Widad Taleb, a business student at the Lebanese American University (LAU), decided to launch her own campaign to feed families in need during the lockdown. She is single-handedly collecting donations from the online community to prepare and distribute food boxes to families in Akkar.
The961 got in touch with Widad to find out how she has been managing to feed all these families on her own.
When asked what had made her initiate that endeavor, this is what she told us:
“To be honest, when I saw a politician from Akkar post a challenge in which he had to shave one side of his head or something absurd like that, I realized that if he has time to do things like that and isn’t worried about the starving people in his town, then there’s a big problem.”
For context, Akkar is Lebanon’s poorest governance, according to a report by OCHA.
“I was inspired to post a video on my Instagram page- stressing that I’m independent and don’t belong to any organization- to collect money from my followers to help distribute food boxes to families in need.”
The box consists of rice, lentils, pasta, beans, flour, tomatoes, sugar, and several other essential items. “Each box costs me between 30,000 – 34,000 LBP,” she said.

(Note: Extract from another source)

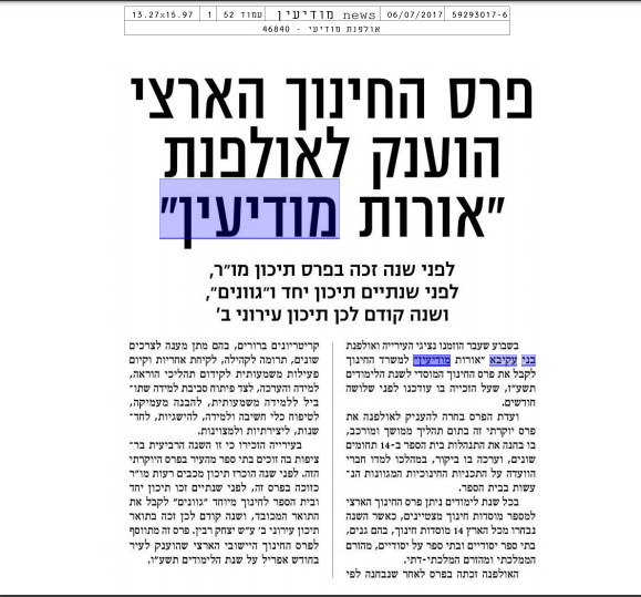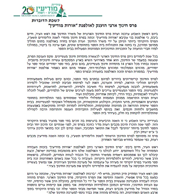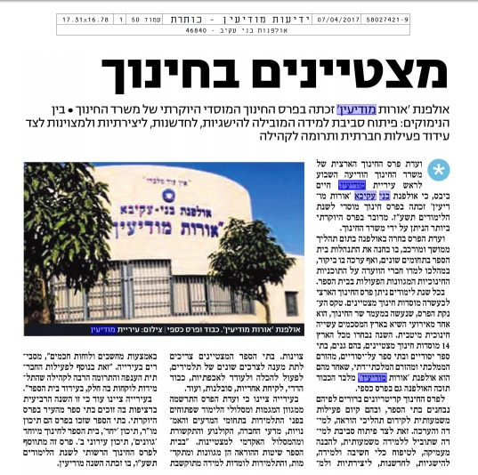 דף ראשי > אודות האולפנה > מצטיינים בחינוך - פרס החינוך מצטיינים בחינוך - פרס החינוך http://www.inn.co.il/News/News.aspx/349646 http://www.local.co.il/modiin/145988/Article/ זכייה בפרס החינוך הארצי מכתב הערכה ממר שמואל אבואב - המנהל הכללי

She told The961 that she’s being completely transparent about the donations and posts a list of contributions daily on her Instagram. People who would like to donate can do so anonymously or have their names shown on the box being donated.
“I didn’t expect a lot of people to share my video. It was shared by Gino Raidy, Yara Khawam, Paula Nawfal, Polleksandra, and so many more pages that I can’t even remember them all, but they were very influential.”
Widad has been able to collect around 2,000,000 LBP and $1000 USD from donations in one week. This means that one person’s initiative can help over 100 families a week.
She started by focusing on Akkar but says she has a database of over 1,000 families from all over Lebanon whom she can help if she’s able to and if the campaign expands.
This is living proof that no effort is too small to make a difference.